Given records:
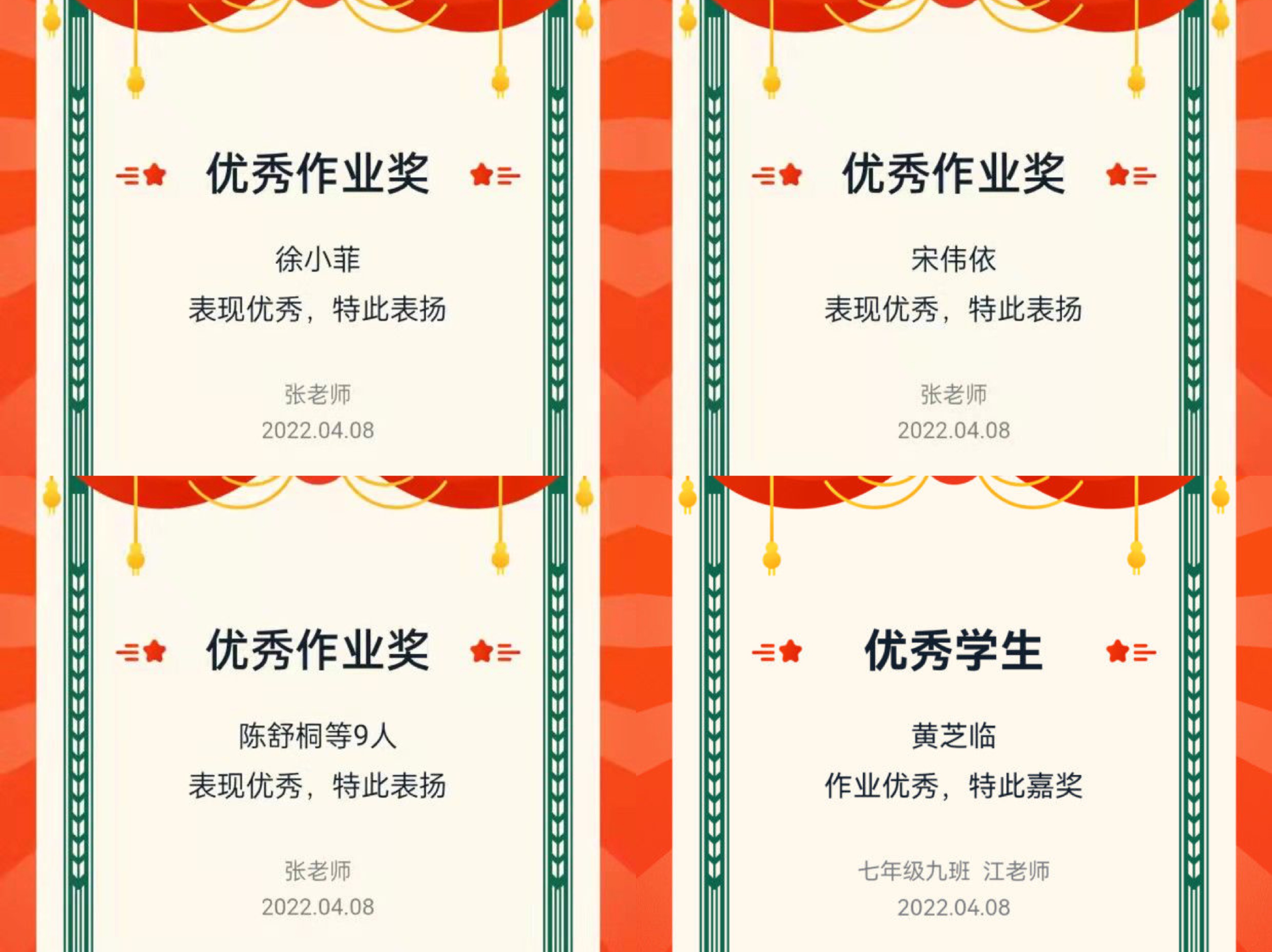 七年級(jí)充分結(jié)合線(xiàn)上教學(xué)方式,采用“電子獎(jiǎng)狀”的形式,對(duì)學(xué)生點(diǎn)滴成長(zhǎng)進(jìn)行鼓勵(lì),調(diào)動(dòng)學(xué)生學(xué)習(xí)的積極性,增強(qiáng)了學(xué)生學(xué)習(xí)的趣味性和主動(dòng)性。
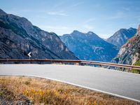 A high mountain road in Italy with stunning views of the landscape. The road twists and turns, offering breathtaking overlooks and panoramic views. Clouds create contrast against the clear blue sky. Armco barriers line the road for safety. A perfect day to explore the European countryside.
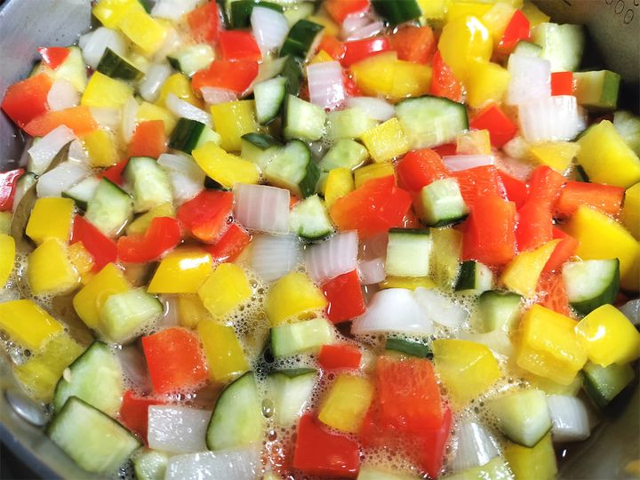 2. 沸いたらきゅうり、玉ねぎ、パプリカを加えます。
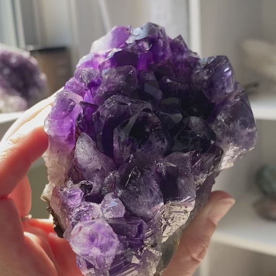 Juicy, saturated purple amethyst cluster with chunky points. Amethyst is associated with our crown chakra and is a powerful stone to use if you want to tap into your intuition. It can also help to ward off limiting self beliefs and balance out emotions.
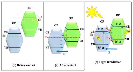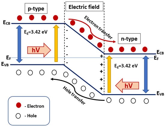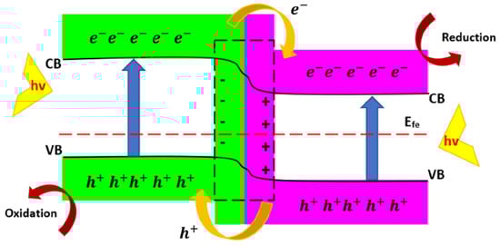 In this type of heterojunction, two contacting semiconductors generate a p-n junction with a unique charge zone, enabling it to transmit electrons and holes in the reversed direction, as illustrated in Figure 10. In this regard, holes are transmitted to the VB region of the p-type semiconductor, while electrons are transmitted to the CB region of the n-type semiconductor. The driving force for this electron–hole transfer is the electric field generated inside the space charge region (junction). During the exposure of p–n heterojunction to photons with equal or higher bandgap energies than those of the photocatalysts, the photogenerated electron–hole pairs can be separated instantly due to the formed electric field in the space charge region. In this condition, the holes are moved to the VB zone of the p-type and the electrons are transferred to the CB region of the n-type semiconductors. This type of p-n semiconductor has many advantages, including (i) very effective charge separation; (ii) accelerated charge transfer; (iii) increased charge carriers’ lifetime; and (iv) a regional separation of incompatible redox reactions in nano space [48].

Work instruction:
Although the records above contain pictures, the copy must not; set down exactly the lines from the one with "A high mountain" up to and including the one with "2. 沸いたらきゅうり、玉ねぎ、パプリカを加えます。".

Written reply:
 A high mountain road in Italy with stunning views of the landscape. The road twists and turns, offering breathtaking overlooks and panoramic views. Clouds create contrast against the clear blue sky. Armco barriers line the road for safety. A perfect day to explore the European countryside.
 2. 沸いたらきゅうり、玉ねぎ、パプリカを加えます。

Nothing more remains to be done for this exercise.